2025年02月01日 23時27分16秒 | 洋画2020年

 ◇林檎とポラロイド(Mlla)

 

 ほ~『スカボロー・フェア』から始まるのがちょっと意外だった。

 アリス・セリベタリスがバスの中でいきなり覚醒するのと同時に、記憶喪失になってるのにも気がつくっていう出だしは好い。

 で、記憶回復プログラムを遂行してゆくうちに、ダンスホールに行って、酔いどれて、誰か誘ってトイレでその場限りのセックスをしろと、まあ、つぎつぎに指令が下ってくるんだけど、こんなことで記憶が回復するとはおもえない。それにしても、洋画はほんとにトイレでセックスする場面が多いなあ。

 淡泊な映画なんだけど、その単調さは飽きてくる。つまんないなあとおもうこともしばしば出てくる。

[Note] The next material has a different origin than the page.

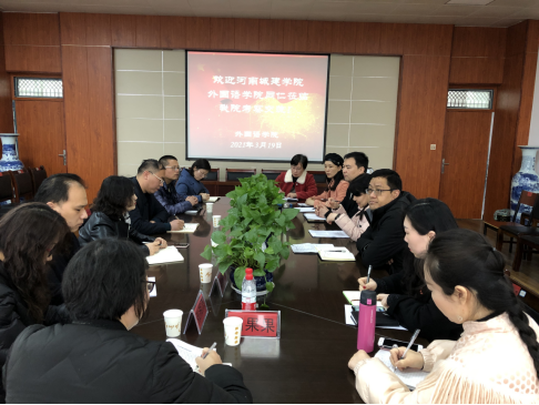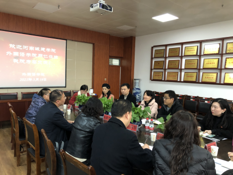3月19日下午,河南城建学院122cc太阳成集团副院长张换成带领教学副院长、英语、翻译、大学英语等教研室负责人一行七人到我院考察交流。我院院长蒋领敏代表我院热情接待了来访客人,并与考察组一行深入座谈交流,我院班子成员、党政办公室主任、英语、翻译、大学英语等教研室负责人参加了此次交流活动。

 ちなみに、林檎は記憶に効くらしい。なるほど、それで食卓に林檎が出されているのか。これ、ほんとに記憶喪失だったのかどうか、ほんとはなにもかもおぼえていて、過去の自分を消し去るために徹底して記憶を失くしたように見せているんじゃないのか、と考えることもできるんだけど、それについては、監督のクリストス・ニクはまるで語らない。才能はおそらくあるんだろうけど、商業的なものは好まないのかなあ。